- Material to process:
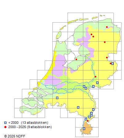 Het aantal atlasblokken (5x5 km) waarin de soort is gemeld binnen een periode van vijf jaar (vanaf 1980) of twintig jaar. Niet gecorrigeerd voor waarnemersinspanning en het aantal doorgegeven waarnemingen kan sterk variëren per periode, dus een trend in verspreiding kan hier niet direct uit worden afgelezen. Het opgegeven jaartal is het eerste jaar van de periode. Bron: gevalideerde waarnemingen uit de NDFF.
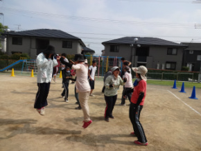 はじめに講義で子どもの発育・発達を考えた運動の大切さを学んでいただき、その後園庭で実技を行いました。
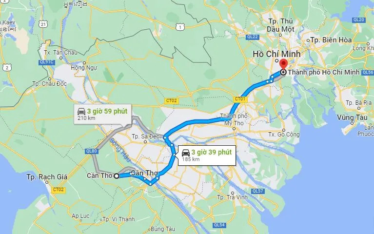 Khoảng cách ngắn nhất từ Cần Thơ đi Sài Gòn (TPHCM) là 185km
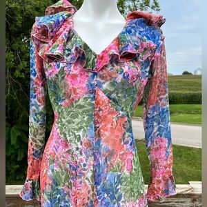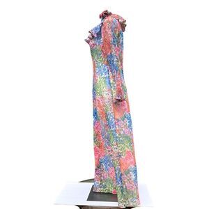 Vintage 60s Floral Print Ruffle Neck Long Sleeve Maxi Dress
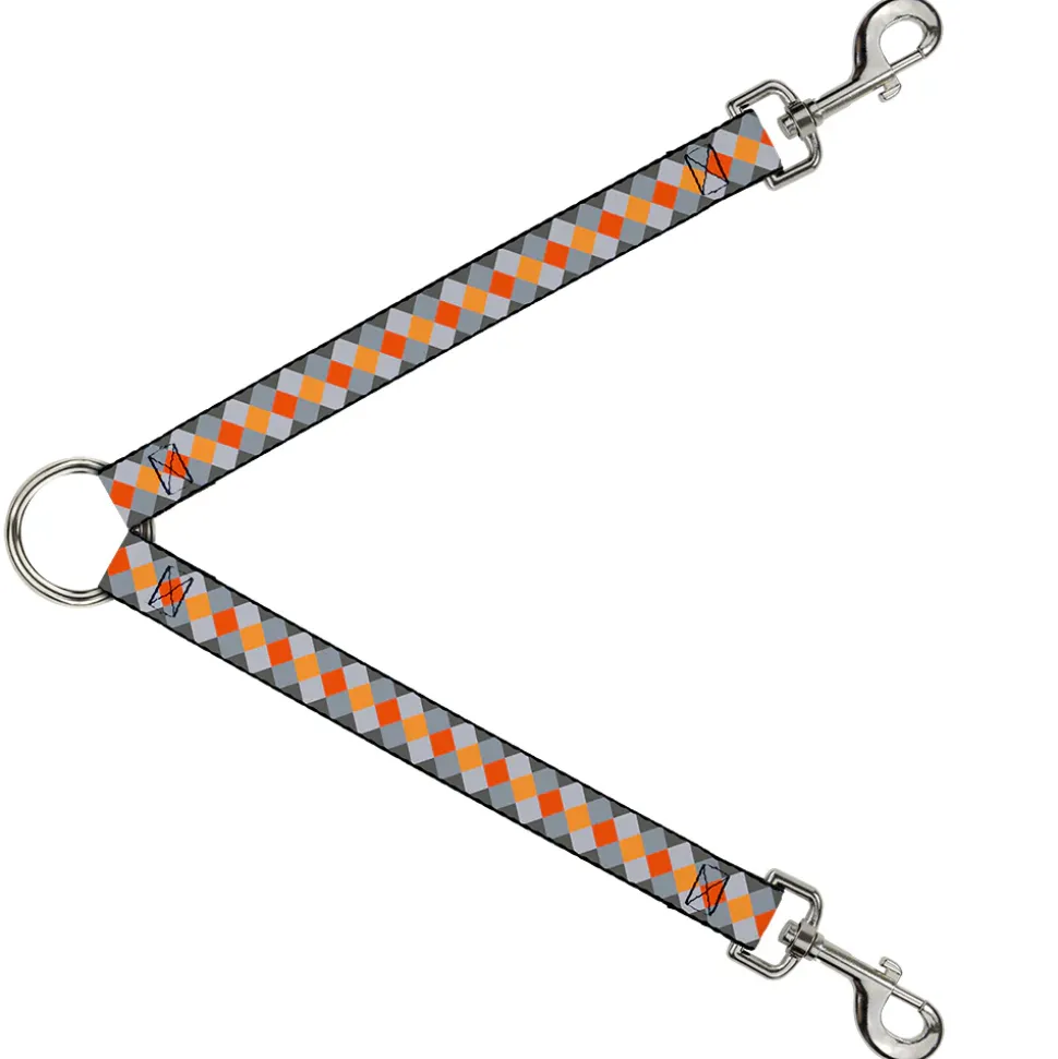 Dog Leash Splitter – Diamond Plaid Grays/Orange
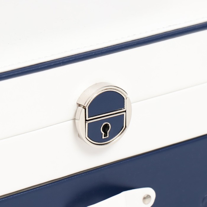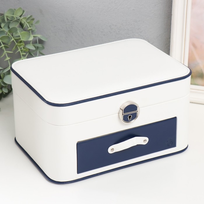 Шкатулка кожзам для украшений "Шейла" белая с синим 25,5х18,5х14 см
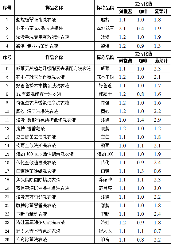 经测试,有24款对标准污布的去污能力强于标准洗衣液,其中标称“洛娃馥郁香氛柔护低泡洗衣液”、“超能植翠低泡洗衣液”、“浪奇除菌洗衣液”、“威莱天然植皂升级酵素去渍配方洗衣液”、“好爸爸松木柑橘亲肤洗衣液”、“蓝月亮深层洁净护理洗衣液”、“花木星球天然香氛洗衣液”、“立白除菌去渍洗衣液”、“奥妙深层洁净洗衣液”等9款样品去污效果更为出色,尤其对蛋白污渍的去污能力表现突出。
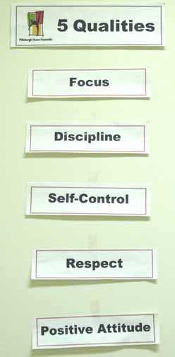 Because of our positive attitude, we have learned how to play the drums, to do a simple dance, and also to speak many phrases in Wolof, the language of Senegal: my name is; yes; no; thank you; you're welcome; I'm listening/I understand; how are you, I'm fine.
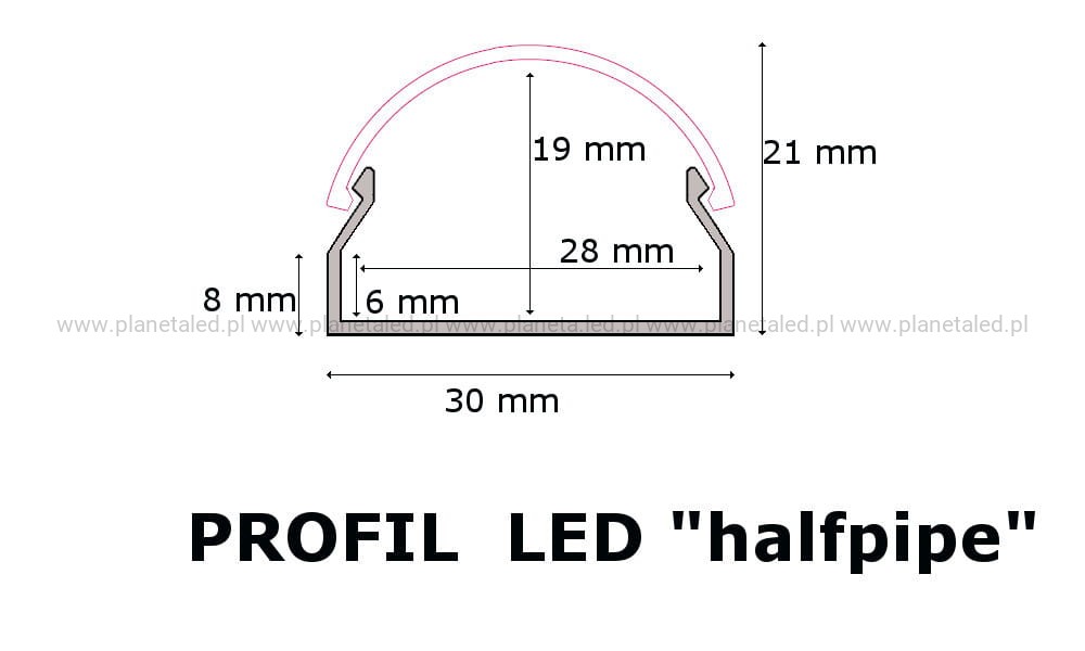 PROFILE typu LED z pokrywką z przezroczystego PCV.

* * *

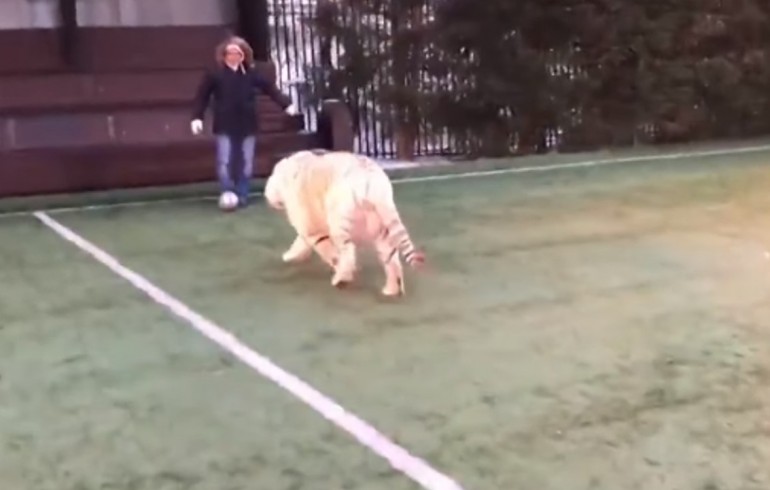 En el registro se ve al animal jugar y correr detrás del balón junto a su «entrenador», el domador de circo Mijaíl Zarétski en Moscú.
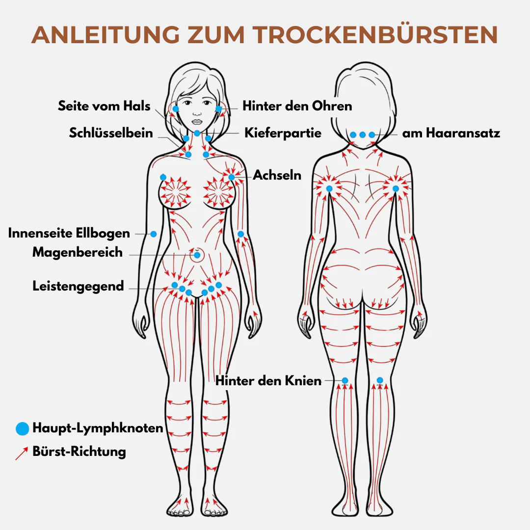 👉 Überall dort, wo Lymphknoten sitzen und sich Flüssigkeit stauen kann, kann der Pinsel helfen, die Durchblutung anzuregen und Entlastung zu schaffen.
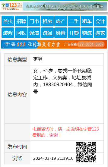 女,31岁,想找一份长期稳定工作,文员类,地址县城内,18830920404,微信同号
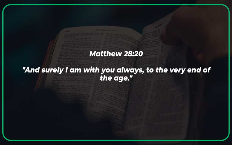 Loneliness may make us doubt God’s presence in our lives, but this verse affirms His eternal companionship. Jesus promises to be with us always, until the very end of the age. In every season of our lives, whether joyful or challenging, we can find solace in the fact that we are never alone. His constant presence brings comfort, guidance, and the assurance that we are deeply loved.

- Problem to work on: Out of the records above, set down only the lines from the one that contains "Khoảng cách ngắn" through the one that contains "PROFILE typu LED", unchanged and without the pictures.

- Completed exercise:
 Khoảng cách ngắn nhất từ Cần Thơ đi Sài Gòn (TPHCM) là 185km
 Vintage 60s Floral Print Ruffle Neck Long Sleeve Maxi Dress
 Dog Leash Splitter – Diamond Plaid Grays/Orange
 Шкатулка кожзам для украшений "Шейла" белая с синим 25,5х18,5х14 см
 经测试,有24款对标准污布的去污能力强于标准洗衣液,其中标称“洛娃馥郁香氛柔护低泡洗衣液”、“超能植翠低泡洗衣液”、“浪奇除菌洗衣液”、“威莱天然植皂升级酵素去渍配方洗衣液”、“好爸爸松木柑橘亲肤洗衣液”、“蓝月亮深层洁净护理洗衣液”、“花木星球天然香氛洗衣液”、“立白除菌去渍洗衣液”、“奥妙深层洁净洗衣液”等9款样品去污效果更为出色,尤其对蛋白污渍的去污能力表现突出。
 Because of our positive attitude, we have learned how to play the drums, to do a simple dance, and also to speak many phrases in Wolof, the language of Senegal: my name is; yes; no; thank you; you're welcome; I'm listening/I understand; how are you, I'm fine.
 PROFILE typu LED z pokrywką z przezroczystego PCV.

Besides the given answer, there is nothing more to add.